Sense of Congress Regarding the Obligation of Grantee States to Ensure
Access to Post-Conviction DNA Testing and Competent Counsel in Capital
Cases
Pub. L. 106-561, Sec. 4, Dec. 21, 2000, 114 Stat. 2791, provided
that:
``(a) Findings.--Congress finds that--
``(1) over the past decade, deoxyribonucleic acid testing
(referred to in this section as `DNA testing') has emerged as the
most reliable forensic technique for identifying criminals when
biological material is left at a crime scene;
``(2) because of its scientific precision, DNA testing can, in
some cases, conclusively establish the guilt or innocence of a
criminal defendant;
``(3) in other cases, DNA testing may not conclusively establish
guilt or innocence, but may have significant probative value to a
finder of fact;
``(4) DNA testing was not widely available in cases tried prior
to 1994;
``(5) new forensic DNA testing procedures have made it possible
to get results from minute samples that could not previously be
tested, and to obtain more informative and accurate results than
earlier forms of forensic DNA testing could produce, resulting in
some cases of convicted inmates being exonerated by new DNA tests
after earlier tests had failed to produce definitive results;
``(6) DNA testing can and has resulted in the post-conviction
exoneration of more than 75 innocent men and women, including some
under sentence of death;
``(7) in more than a dozen cases, post-conviction DNA testing
that has exonerated an innocent person has also enhanced public
safety by providing evidence that led to the apprehension of the
actual perpetrator;
``(8) experience has shown that it is not unduly burdensome to
make DNA testing available to inmates in appropriate cases;
``(9) under current Federal and State law, it is difficult to
obtain post-conviction DNA testing because of time limits on
introducing newly discovered evidence;
``(10) the National Commission on the Future of DNA Evidence, a
Federal panel established by the Department of Justice and comprised
of law enforcement, judicial, and scientific experts, has urged that
post-conviction DNA testing be permitted in the relatively small
number of cases in which it is appropriate, notwithstanding
procedural rules that could be invoked to preclude such testing, and
notwithstanding the inability of an inmate to pay for the testing;
``(11) only a few States have adopted post-conviction DNA
testing procedures;
``(12) States have received millions of dollars in DNA-related
grants, and more funding is needed to improve State forensic
facilities and to reduce the nationwide backlog of DNA samples from
convicted offenders and crime scenes that need to be tested or
retested using upgraded methods;
``(13) States that accept such financial assistance should not
deny the promise of truth and justice for both sides of our
adversarial system that DNA testing offers;
``(14) post-conviction DNA testing and other post-conviction
investigative techniques have shown that innocent people have been
sentenced to death in this country;
``(15) a constitutional error in capital cases is incompetent
defense lawyers who fail to present important evidence that the
defendant may have been innocent or does not deserve to be sentenced
to death; and
``(16) providing quality representation to defendants facing
loss of liberty or life is essential to fundamental due process and
the speedy final resolution of judicial proceedings.
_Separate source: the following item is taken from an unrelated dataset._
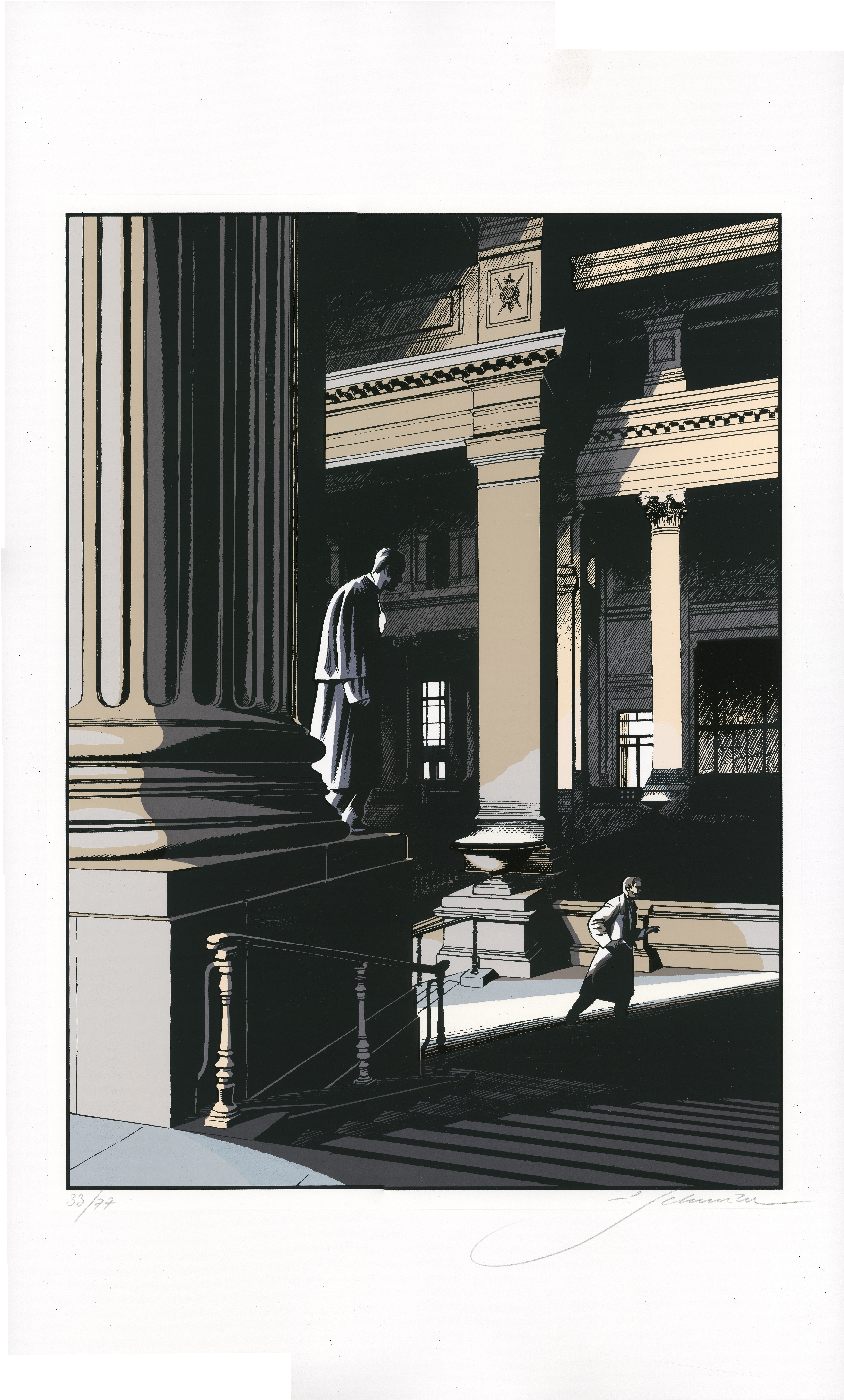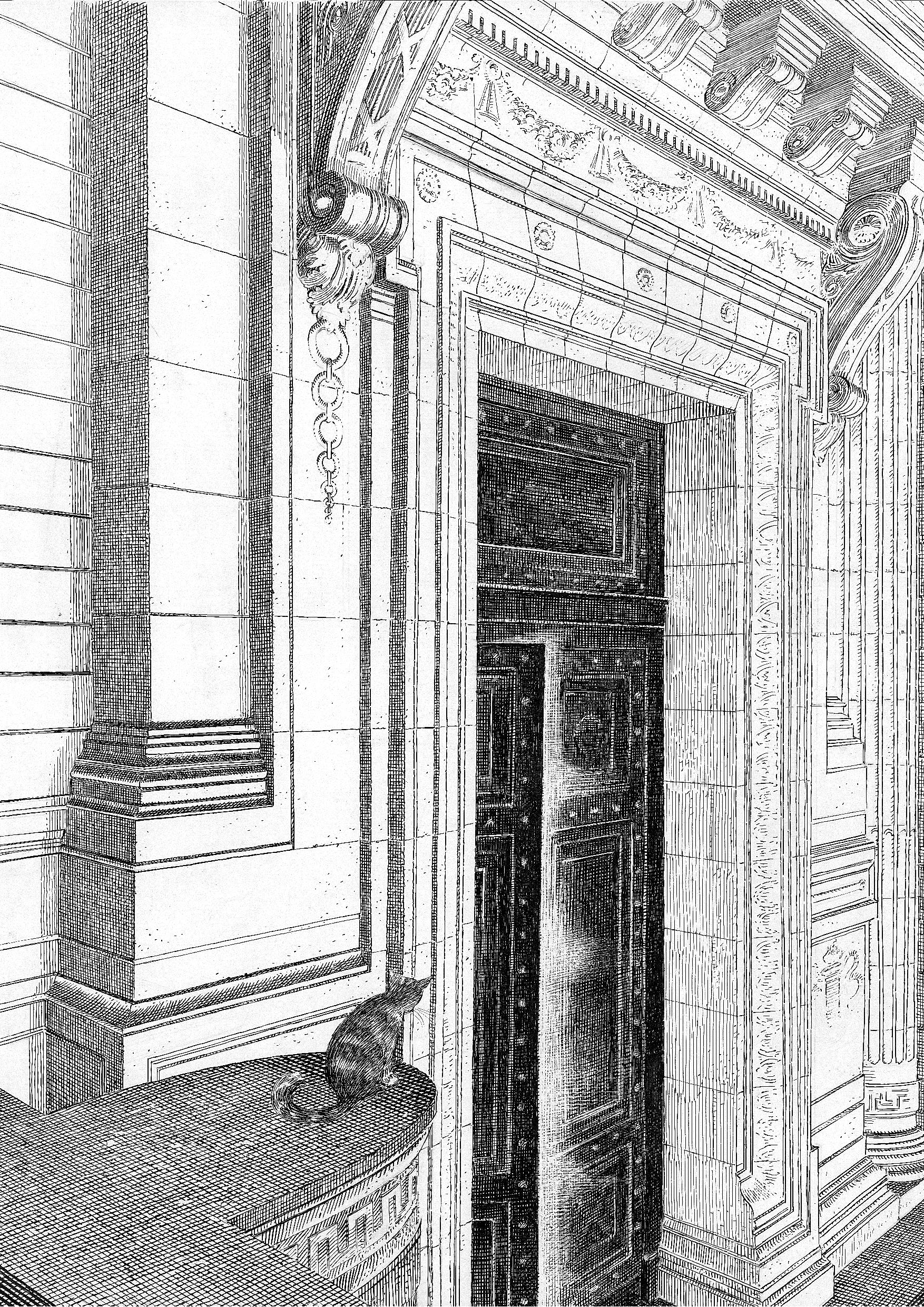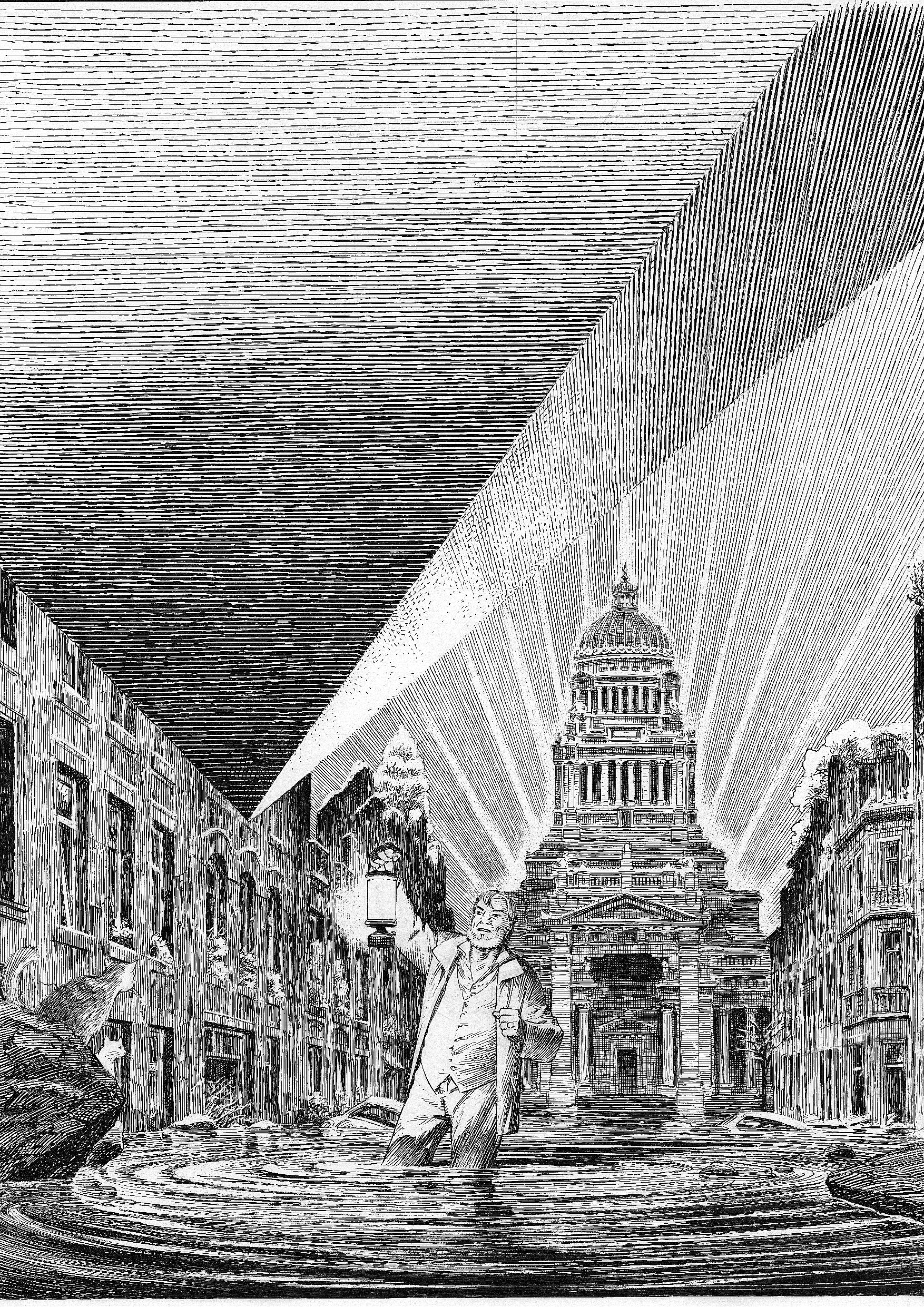 François : Et quand on dessine, on se rend compte que ce n’est pas si facile à rendre sur papier. Ou alors on met des pierres les unes à côté des autres et on ne dessine… rien. Il faut donc trouver et réfléchir l’angle pour restituer l’échelle. C’est un problème d’échelle. Mais le palais de justice aussi fut compliqué. Car, plus on s’en rapproche, plus la coupole disparaît. Les éléments devant cache. Et en s’éloignant, la silhouette est très différente. Très élevé de loin, il se racrapote dès qu’on s’en approche.

``(b) Sense of Congress.--It is the sense of Congress that--
``(1) Congress should condition forensic science-related grants
to a State or State forensic facility on the State's agreement to
ensure post-conviction DNA testing in appropriate cases; and
``(2) Congress should work with the States to improve the
quality of legal representation in capital cases through the
establishment of standards that will assure the timely appointment
of competent counsel with adequate resources to represent defendants
in capital cases at each stage of the proceedings.''
Pub. L. 106-546, Sec. 11, Dec. 19, 2000, 114 Stat. 2735, enacted
provisions substantially identical to those enacted by Pub. L. 106-561,
Sec. 4, set out above.
Section Referred to in Other Sections
This section is referred to in section 14135e of this title.